X-axis: log2 fold change (log2FC) — how much a gene’s expression changes between conditions. Positive values = higher in the first group; negative = lower.
Y-axis: −log10(padj) — the adjusted p-value on a negative log scale. The higher a point is on the Y-axis, the more statistically significant the difference.

Each dot is a gene. The plot naturally splits into four regions:

Region	Meaning
Top-right	Significantly upregulated (high FC, low padj)
Top-left	Significantly downregulated (low FC, low padj)
Bottom-center	Not significant (low FC or high padj)
Top-center	Large statistical significance, but small fold change

The name “volcano” comes from the shape: most genes cluster at the bottom (non-significant), with two “plumes” of significant genes rising on the left and right flanks.

How to read it

Focus on the top corners — genes that are both far from zero on the X-axis (large effect) and high on the Y-axis (highly significant). Those are the most biologically meaningful candidates.

Do we see FOXC1 in the top corners?

Gene selection¶

padj (p-value corrected for multiple testing)
log2FC (log2 Fold Change)

The log2FoldChange gives a quantitative information about the expression changes, but does not give information on the within-group variability, hence the reliability of the information:

In the picture below, fold changes for gene A and for gene B between groups t25 and t0 (from another data set) are the same, however the variability between the replicated samples in gene B is higher, so the result for gene A will be more reliable (i.e. the p-value will be smaller).

DESeq2 also takes into account the library size, sufficient coverage of a gene, …

We need to take into account the p-value or, better the adjusted p-value (padj).

Setting a p-value threshold of 0.05 means that there is a 5% chance that the observed result is a false positive. For thousands of simultaneous tests (as in RNA-seq, there are thousands of genes tested at the same time), 5% can result in a large number of false positives.
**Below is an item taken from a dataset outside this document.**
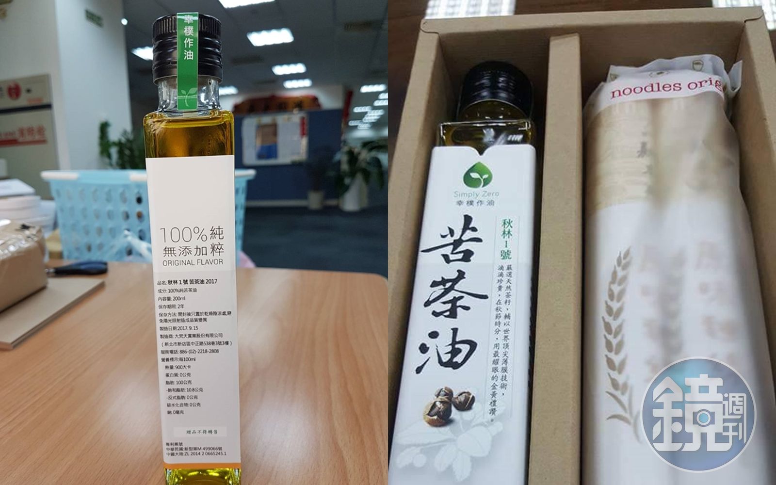 油品的保存期限上,寫著去年9月生產,業者也製作食用油禮盒。(民眾提供)

For example, if we test 20000 genes, and we use a p-value threshold of 0.05, we expect to have 1000 false positives.

The Benjamini-Hochberg procedure controls the False Discovery Rate (FDR) (it is one of many methods to adjust p-values for multiple testing).

A FDR adjusted p-value of 0.05 implies that 5% of significant tests according to the “raw” p-value will result in false positives.

So for 1000 significant genes at raw p-value < 0.05, we expect to have 50 false positives.

Selection of differentially expressed genes between WT and KO based on padj < 0.05.

# how many genes are differentially expressed, taking into account "padj < 0.05"?
# contains NAs... Filter them out
de_select <- de_symbols[de_symbols$padj < 0.05 & !is.na(de_symbols$padj),]
nrow(de_select)
# 85 genes

# save results in file for further usage
write.table(de_select, "deseq2_selection_padj005.txt", quote=F, col.names=T, row.names=F, sep="\t")

Selection of differentially expressed genes between WT and KO based on padj < 0.05 AND log2FC > 0.5 or log2FC < -0.5 (However, note that selecting by log2FoldChange is not required if the selection is done using the padj).

# how many genes are differentially expressed, taking into account "padj < 0.05" and log2FoldChange < -0.5 or > 0.5?
# contains NAs... Filter them out
de_select <- de_symbols[de_symbols$padj < 0.05 & !is.na(de_symbols$padj) & abs(de_symbols$log2FoldChange) > 0.5,]
nrow(de_select)
# 83 genes

Exercise 1¶

Is FOXC1 differentially expressed? What are the corresponding adjusted-value and log2FoldChanges?

Click to see the solution

de_select[de_select$external_gene_name == "FOXC1",]

How many genes are found differentially expressed if you change the log2FoldChange threshold to 0.8 / -0.8 and the padj threshold to 0.01?

Click to see the solution

de_select <- de_symbols[de_symbols$padj < 0.01 & !is.na(de_symbols$padj) & abs(de_symbols$log2FoldChange) > 0.8,]
nrow(de_select)

Exercise 2¶

Repeat the analysis comparing WT vs KO for the undifferentiated samples only!
Steps are:
- Modify the “sampletable” so that it contains only samples corresponding to “undiff” Differentiation state.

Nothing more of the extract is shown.